▶ [WHAT IS BEING ASKED]:
What should you transcribe? Every line from the top of the records below through the line with "Personalized Motorcycle Shop", exactly, and no pictures.

------------------------------

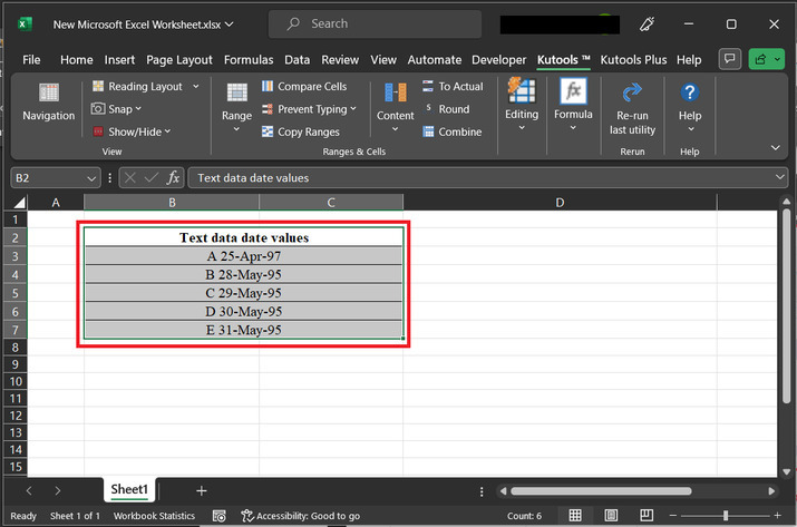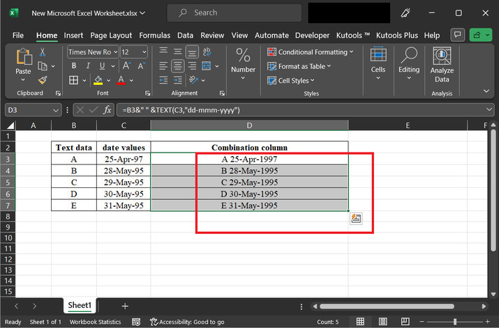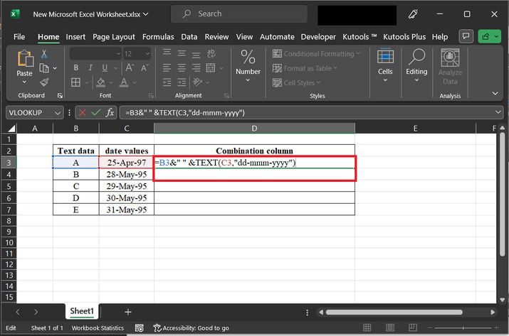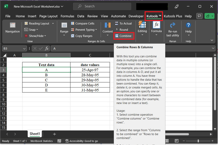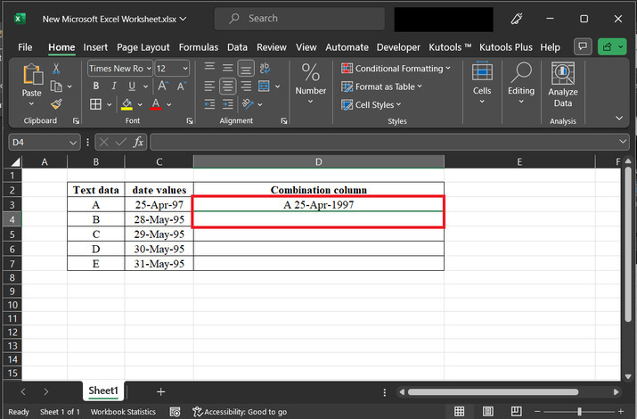 示例 2:使用 Excel 中的 kutools 将文本和日期合并到同一个单元格中。
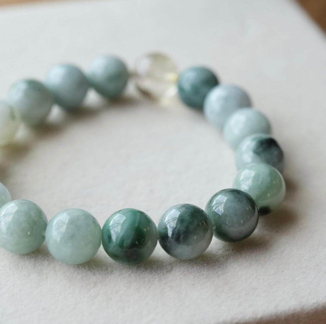 【再入荷】ビルマ翡翠/ゴールドルチルクォーツ ブレスレット
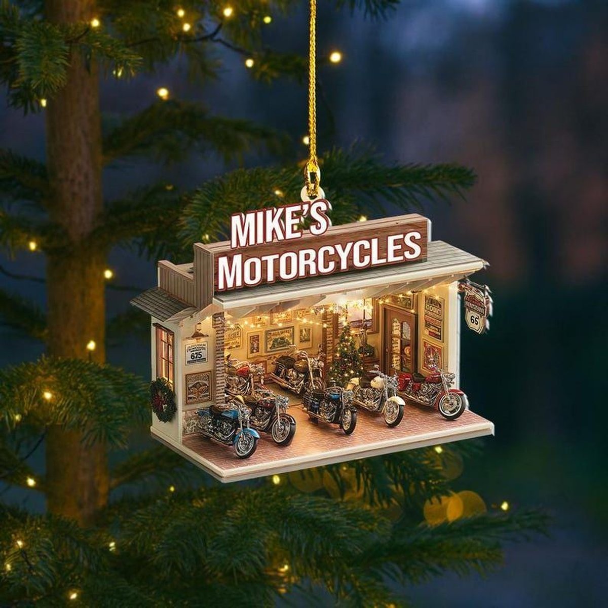 Personalized Motorcycle Shop Ornament Custom Name Vintage Biker Garage Christmas Decoration with Motorcycles
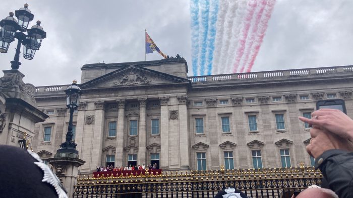 The family waved, the crowds cheered, the Red Arrows roared past, and Prince Louis invented his own royal clap, to the subsequent joy of the internet. A surprising encore from symbolically robe-laden Charles and Camilla ended the impromptu party eventually, and the Union Jack adorned fans wandered off to tube stations, media interviews and to investigate the various TV news sets lining the area. “That’s Trevor McDonald, oh I like him!” was heard echoing again and again as people crammed around the fence in hopes of appearing in the background of the BBC set. And I had just never realised that Trevor had so many dedicated fans!
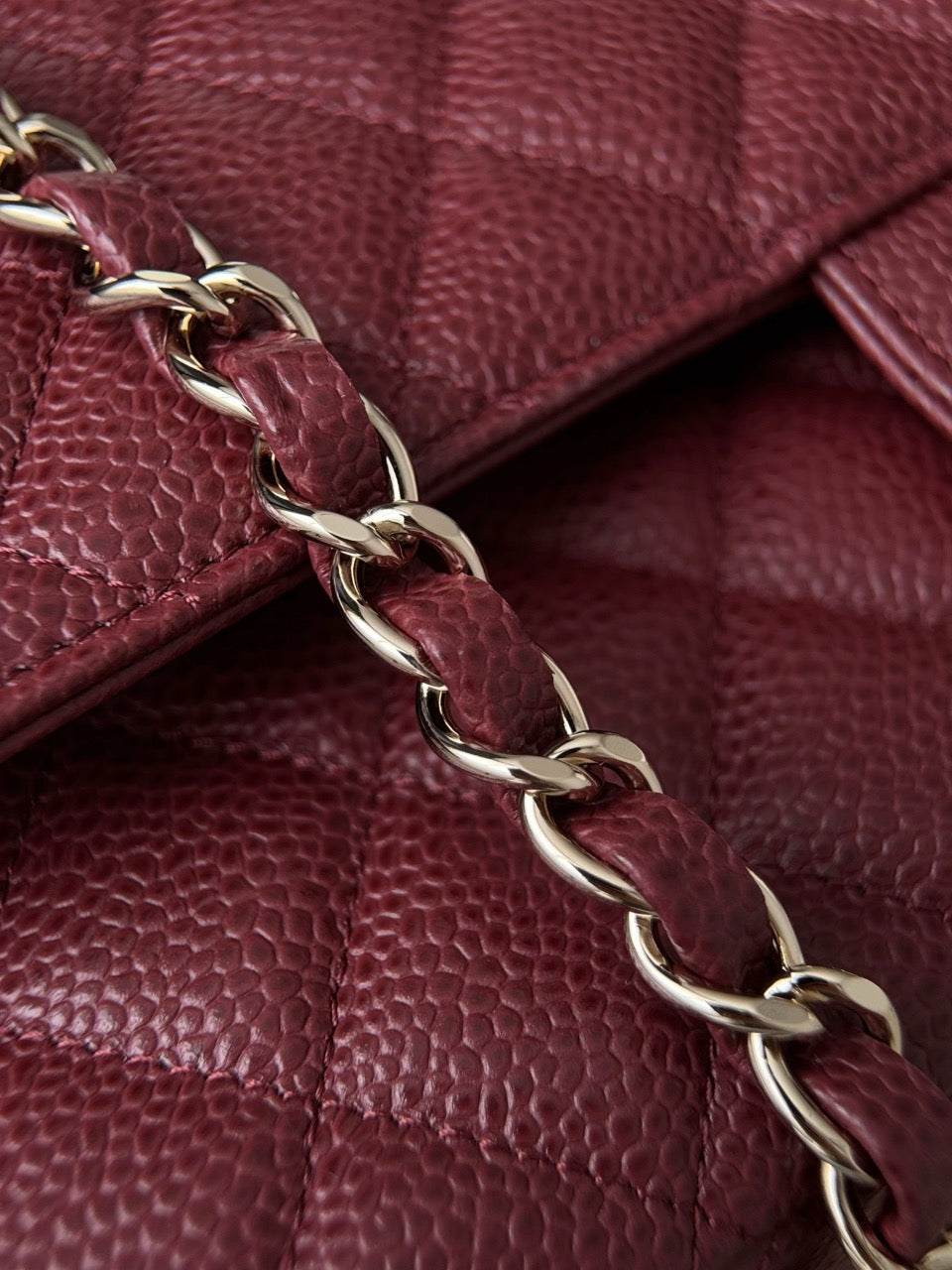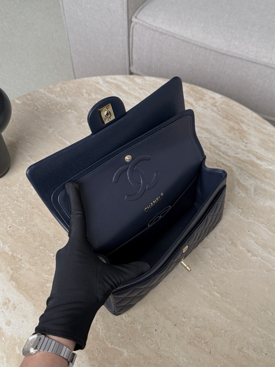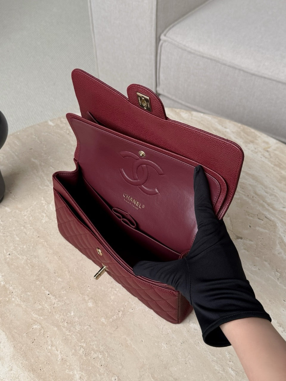 샤넬 클래식 플랩백 미디움은 마드모아젤 샤넬이 직접 디자인한 더블 플랩 구조와 체인 & 가죽 스트랩, 더블 C 로고 잠금 장식이 특징입니다. 캐비어 가죽 특유의 내구성과 고급스러운 질감이 결합되어 오래도록 클래식한 아름다움을 유지할 수 있습니다.

------------------------------

▶ [REPLY]:
 示例 2:使用 Excel 中的 kutools 将文本和日期合并到同一个单元格中。
 【再入荷】ビルマ翡翠/ゴールドルチルクォーツ ブレスレット
 Personalized Motorcycle Shop Ornament Custom Name Vintage Biker Garage Christmas Decoration with Motorcycles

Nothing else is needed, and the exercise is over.